* TASK DESCRIPTION *
Exact copy, no pictures: repeat the data that follows.

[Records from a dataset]
↓↓↓

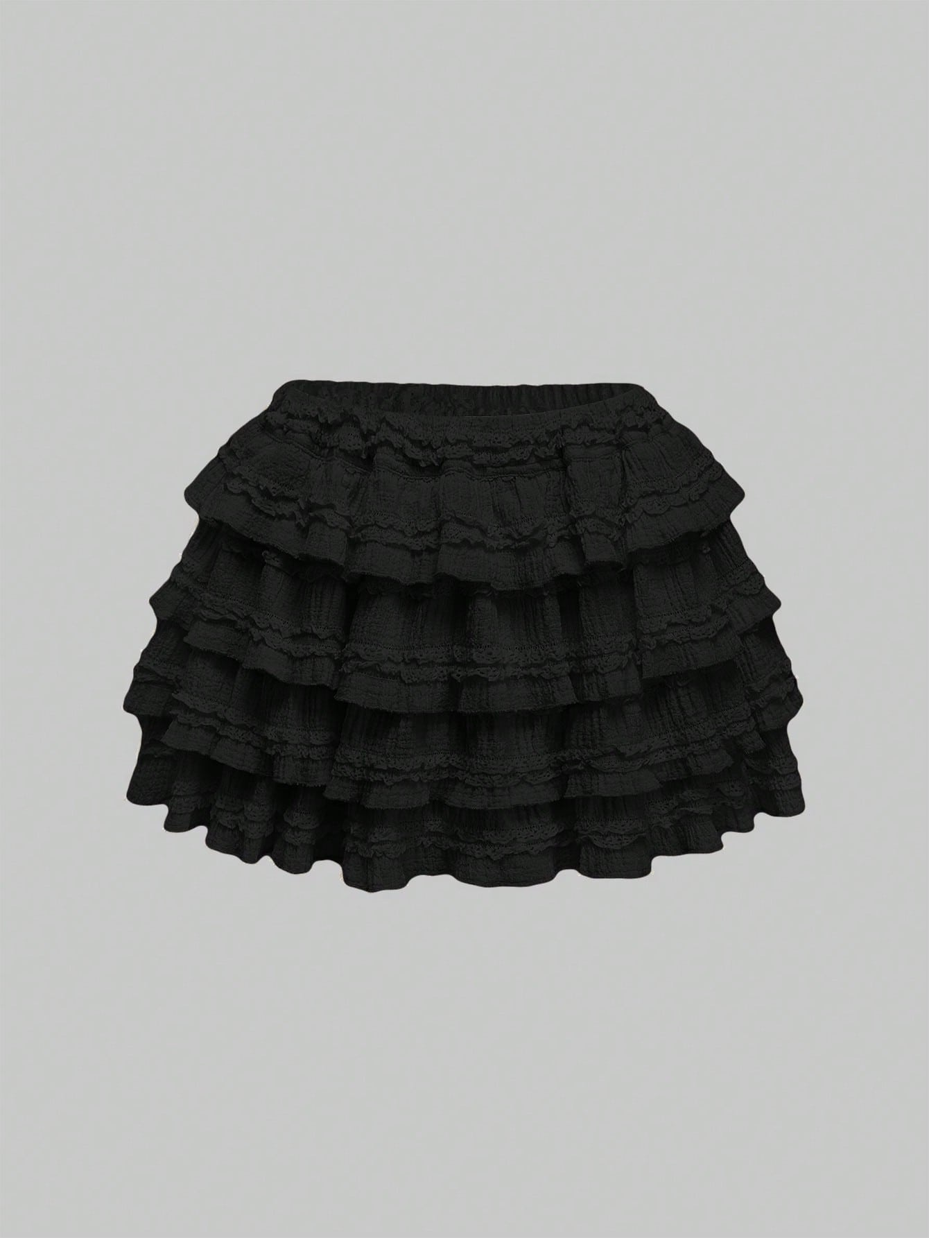 Kawaii تنورة ميني ذات طبقات للخصر مصنوعة من قماش ذو قوام ملمس كريمي أصفر، مناسبة لمختلف المناسبات للنساء
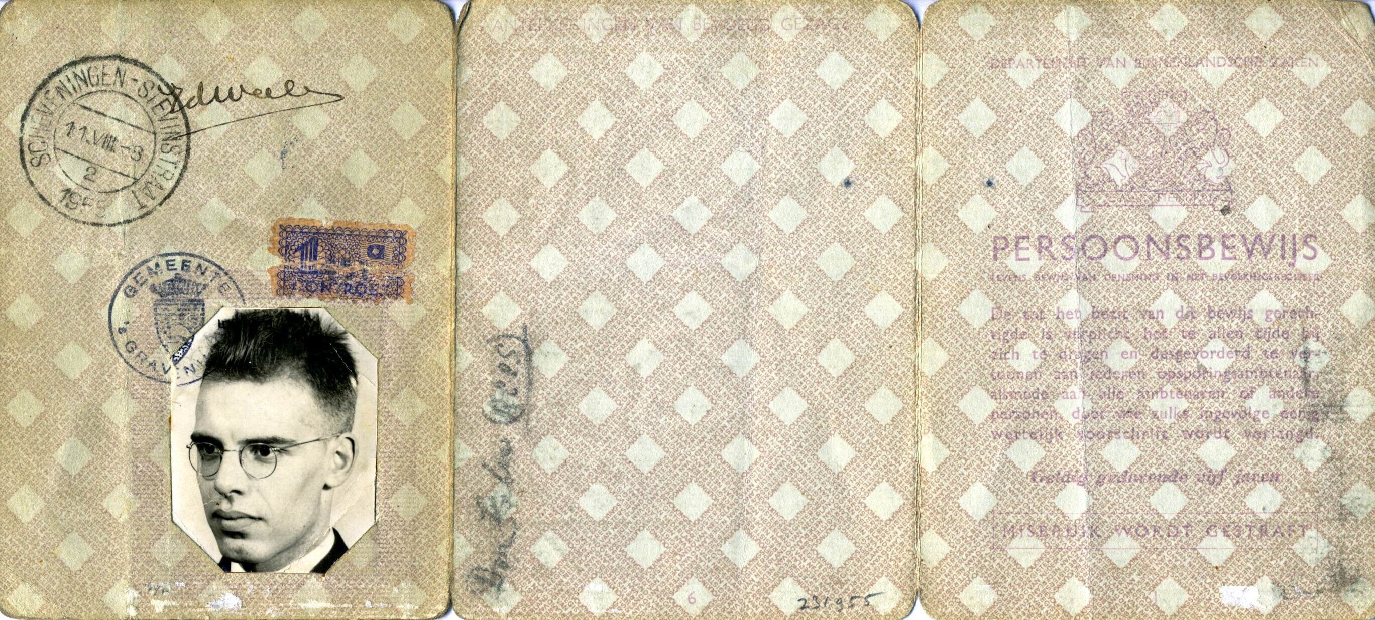 Een persoonsbewijs gesteld op naam van: "Van der Weele, Jan Anthonie, 2 augustus 1912 Giessen Nieuwkerk Z.H." afgegeven op 24 november 1941 te Den Haag. Op het persoonsbewijs zijn twee duimafdrukken geplaatst en een zwart-wit pasfoto van de houder bevestigd.
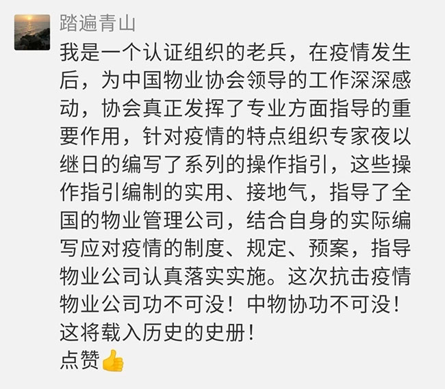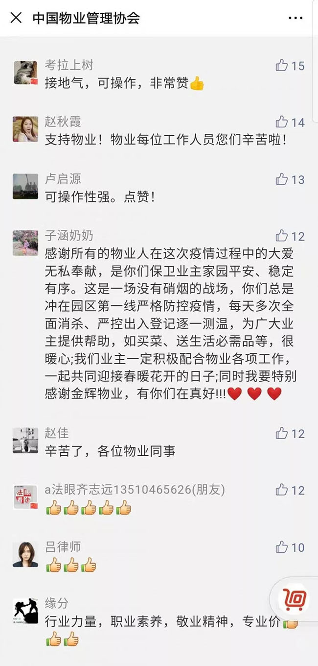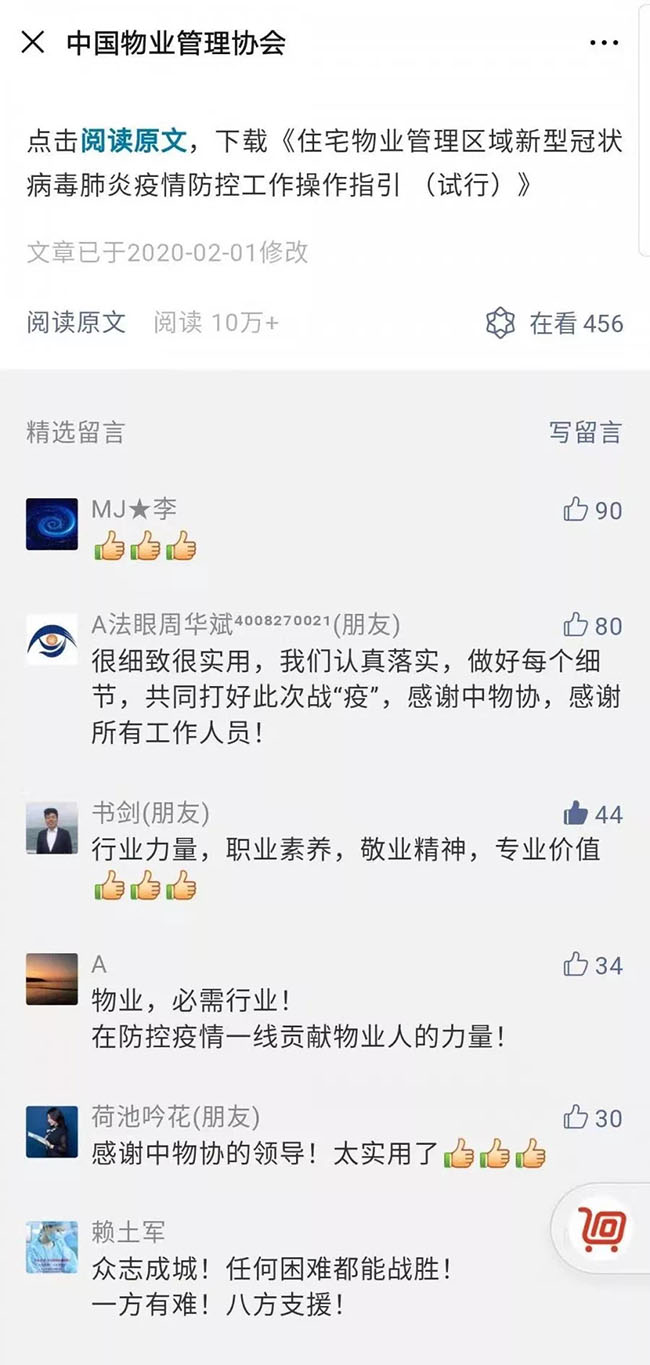 “全面细致地把此次疫情防控工作的重点、难点、特点、程序和要求说得一目了然,很有实用性和指导性,让我们物业人对战胜疫情的信心更加强大了!”“中国物协真正发挥了专业方面指导的重要作用,组织专家夜以继日地编写了系列操作指引,指导和帮助全国的物业服务企业结合自身的实际编写应对疫情的制度、规定、预案。”……近日,中国物业管理协会发布的《物业管理区域新型冠状病毒肺炎疫情防控工作操作指引(试行)》(简称《操作指引》),在微信平台上吸引了近50万人关注,阅读近60万次,网友纷纷留言和点赞。
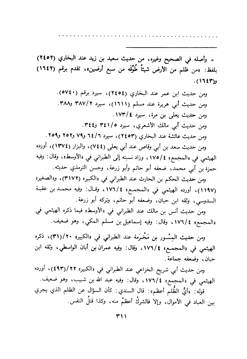 = وأصله في الصحيح وغيره، من حديث سعيد بن زيد عند البخاري (٢٤٥٢) بلفظ: "من ظلم من الأرض شيئاً طوقه من سبع أرضين"، تقدم برقم (١٦٤٢) و (١٦٤٣) .
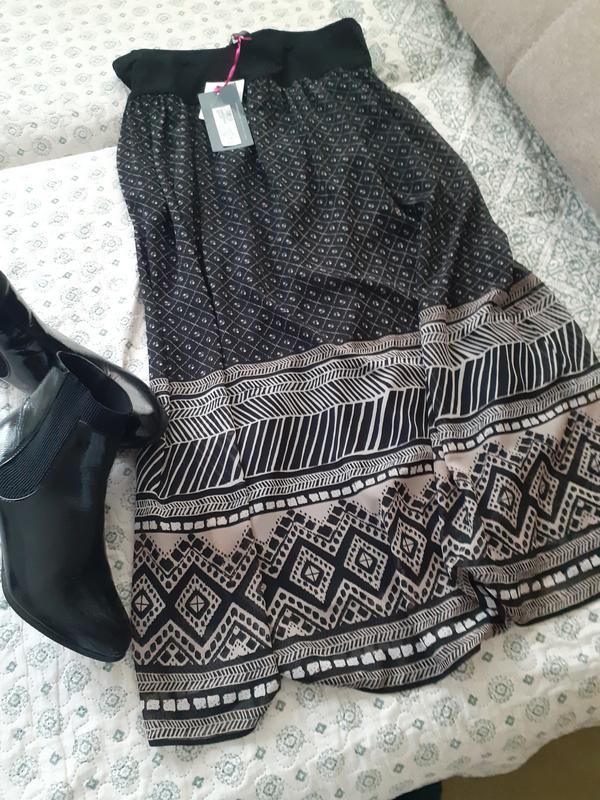 Юбка макси Per Una с графическим принтом, очень элегантная. Длина макси- всегда актуальна и универсальна. Юбка имеет пояс-вставку ткани вискозы 95% и 5% эластана, из-за чего не вздымает, делает четкий акцент на талии, а от вставки она чуточку аккуратно присборена, силуэт с легкой расклешенной плавно двигающейся при ходьбе. Основной материал -100% полиэстер - это легкая воздушная ткань, хорошо держит форму, практичная в уходе. Структура мягкая, струящаяся, создает плавное движение. Юбка имеет подкладку, чтобы не просвечивалась. Размер указан 12, ПОТ-38 см, благодаря резинке, которая вставлена в пояс, может быть и более, длина 89 см. Юбка можно носить в любой сезон и с зимними сапожками, так и с ботильонами и кожаной курткой, так и с босоножками. Ваш выбор. Смотрите другие Мои объявления есть много интересных вещей, которые вам обязательно понравятся! Отправка по Новой почте, или Укр-почтению после оплаты на карточку. Смотрите другие Мои объявления есть много интересных вещей, которые вам обязательно понравятся!

↑↑↑

* RESPONSE BOX *
 Kawaii تنورة ميني ذات طبقات للخصر مصنوعة من قماش ذو قوام ملمس كريمي أصفر، مناسبة لمختلف المناسبات للنساء
 Een persoonsbewijs gesteld op naam van: "Van der Weele, Jan Anthonie, 2 augustus 1912 Giessen Nieuwkerk Z.H." afgegeven op 24 november 1941 te Den Haag. Op het persoonsbewijs zijn twee duimafdrukken geplaatst en een zwart-wit pasfoto van de houder bevestigd.
 “全面细致地把此次疫情防控工作的重点、难点、特点、程序和要求说得一目了然,很有实用性和指导性,让我们物业人对战胜疫情的信心更加强大了!”“中国物协真正发挥了专业方面指导的重要作用,组织专家夜以继日地编写了系列操作指引,指导和帮助全国的物业服务企业结合自身的实际编写应对疫情的制度、规定、预案。”……近日,中国物业管理协会发布的《物业管理区域新型冠状病毒肺炎疫情防控工作操作指引(试行)》(简称《操作指引》),在微信平台上吸引了近50万人关注,阅读近60万次,网友纷纷留言和点赞。
 = وأصله في الصحيح وغيره، من حديث سعيد بن زيد عند البخاري (٢٤٥٢) بلفظ: "من ظلم من الأرض شيئاً طوقه من سبع أرضين"، تقدم برقم (١٦٤٢) و (١٦٤٣) .
 Юбка макси Per Una с графическим принтом, очень элегантная. Длина макси- всегда актуальна и универсальна. Юбка имеет пояс-вставку ткани вискозы 95% и 5% эластана, из-за чего не вздымает, делает четкий акцент на талии, а от вставки она чуточку аккуратно присборена, силуэт с легкой расклешенной плавно двигающейся при ходьбе. Основной материал -100% полиэстер - это легкая воздушная ткань, хорошо держит форму, практичная в уходе. Структура мягкая, струящаяся, создает плавное движение. Юбка имеет подкладку, чтобы не просвечивалась. Размер указан 12, ПОТ-38 см, благодаря резинке, которая вставлена в пояс, может быть и более, длина 89 см. Юбка можно носить в любой сезон и с зимними сапожками, так и с ботильонами и кожаной курткой, так и с босоножками. Ваш выбор. Смотрите другие Мои объявления есть много интересных вещей, которые вам обязательно понравятся! Отправка по Новой почте, или Укр-почтению после оплаты на карточку. Смотрите другие Мои объявления есть много интересных вещей, которые вам обязательно понравятся!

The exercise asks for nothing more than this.